Speech synthesizer application

Voiceroid is a speech synthesizer application developed by AH-Software and is designed for speech. It is only available in the Japanese language. Its name comes from the singing software Vocaloid, for which AH-Software also develops voicebanks. Both AH-Software's first Vocaloids and Voiceroids went on sale on December 4, 2009.

It differs from regular text-to-speech programs in that it gives users more control over settings like tempo, pitch, and intonation.

==Overview==
Voiceroid uses an engine called AITalk developed by AI Inc. The user is able to adjust the tempo, pitch, and intonation to make the program sound more natural. The original two products, Tsukuyomi Shouta and Tsukuyomi Ai, were packaged with the animating software, Crazy Talk SE.

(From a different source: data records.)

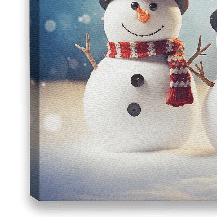 Afbeelding van twee vrolijk kijkende sneeuwpoppen in de sneeuw. Ze dragen een wit met rode muts en sjaal.
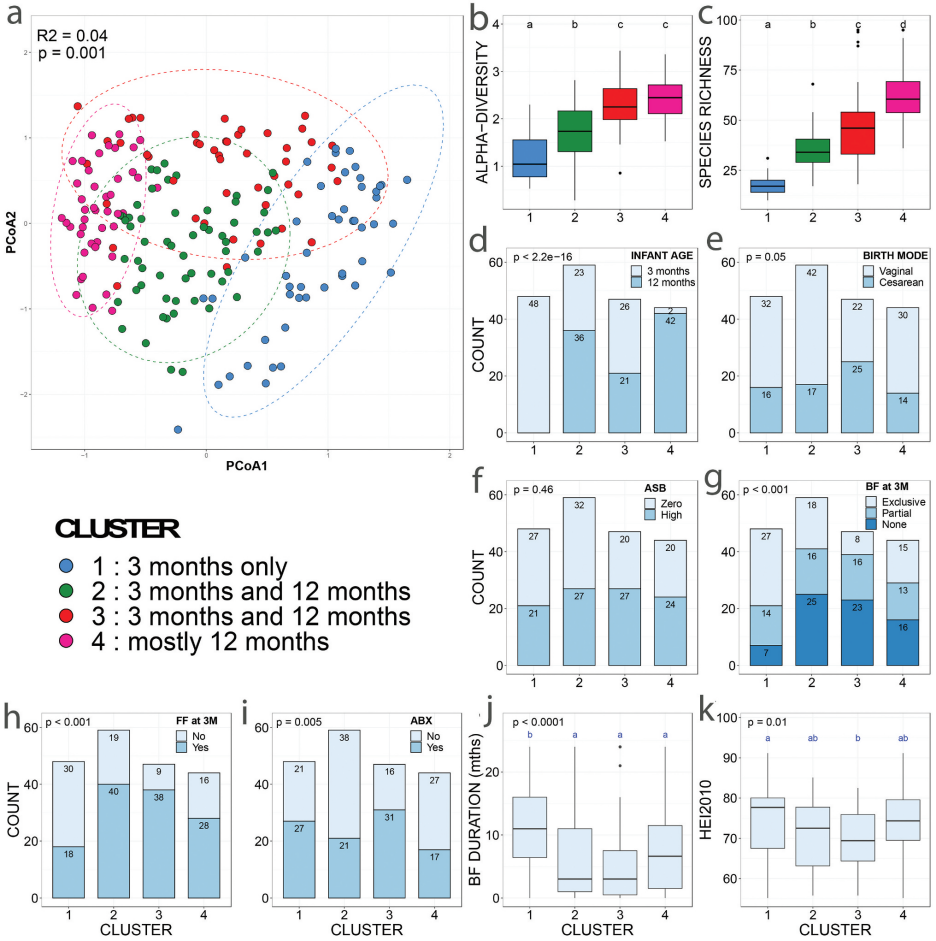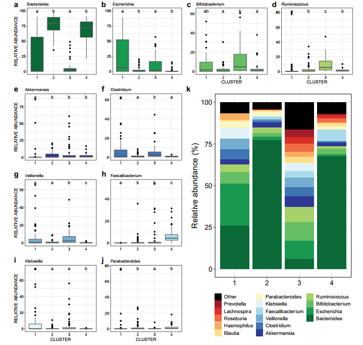 基于微生物群落組成,嬰兒糞便樣品聚類成四組(圖1-2)。腸道細菌物種豐富度(圖1b)、alpha(圖1c)、beta(圖1a)和分類學組成(圖2)在clusters之間存在差異,反應了顯著的菌落差異。Cluster1僅包含了3個月的樣本、cluster4幾乎包括所有12個月的樣本,cluster2和3由3個月和12個月的樣本混合組成。Cluster3包括較高比例的分娩時期使用抗生素的母親、剖腹產(chǎn)出生的嬰兒和配方奶粉喂養(yǎng)(圖1)。然而,在不同clusters中母親ASB消耗量沒有差異,這表明這種暴露并不影響clusters的分類(圖1f)。
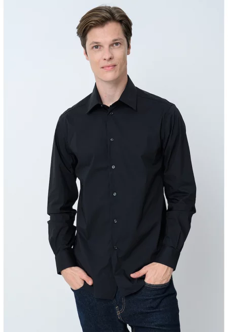 Мъжка риза - 304520884 - Памук - Черен
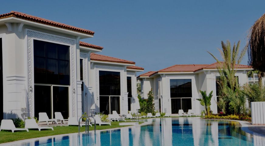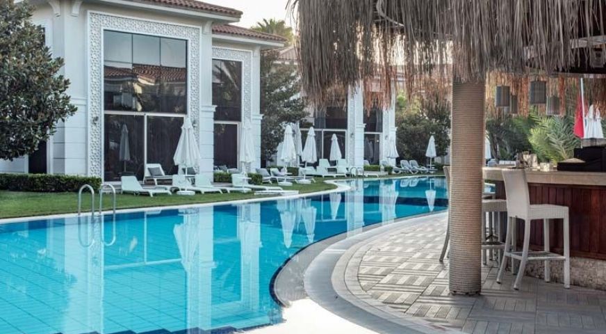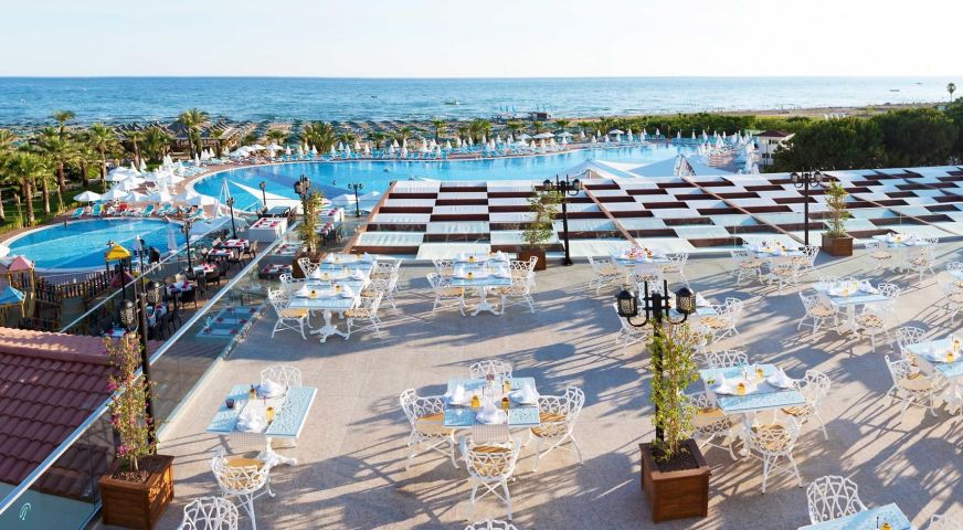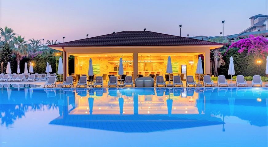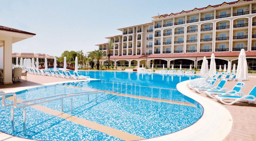 Хотелът се намира на брега на морето, в село Кумкьой, на 5 км от Сиде. Състои се от една основна 5-етажна сграда, една 4-етажна пристройка, девет 2- и 3-етажни бунгала и комплекс от 2-етажни вили. КОНЦЕПЦИЯ "ЛЯТО 2022"

On October 22, 2010, a new version of the engine was introduced, known as Voiceroid+. The first voicebank released for this new engine featured a character from the children's anime Eagle Talon, known as Yoshida-kun. Much like Shouta and Ai, he is aimed at young audiences.

The first three Voiceroids were subject to censorship, and inappropriate words were filtered out. However, Tsurumaki Maki was designed specifically for a more mature audience and is the first of the series to have no form of censorship. Yuzuki Yukari was also the first Vocaloid to have a Voiceroid voicebank. For Tohoku Zunko's release the software was vastly improved compared to previous Voiceroid+ voices. The first two Voiceroids to come in one package are Kotonoha Akane and Aoi. In 2015, the software was upgraded to Voiceroid+ EX.

In 2017, the newest version of the software, "Voiceroid 2", was announced. This version has a number of new features and differences, though users can still import the past Voiceroid and its variants into it. However, older engine versions will not be able to use any new features.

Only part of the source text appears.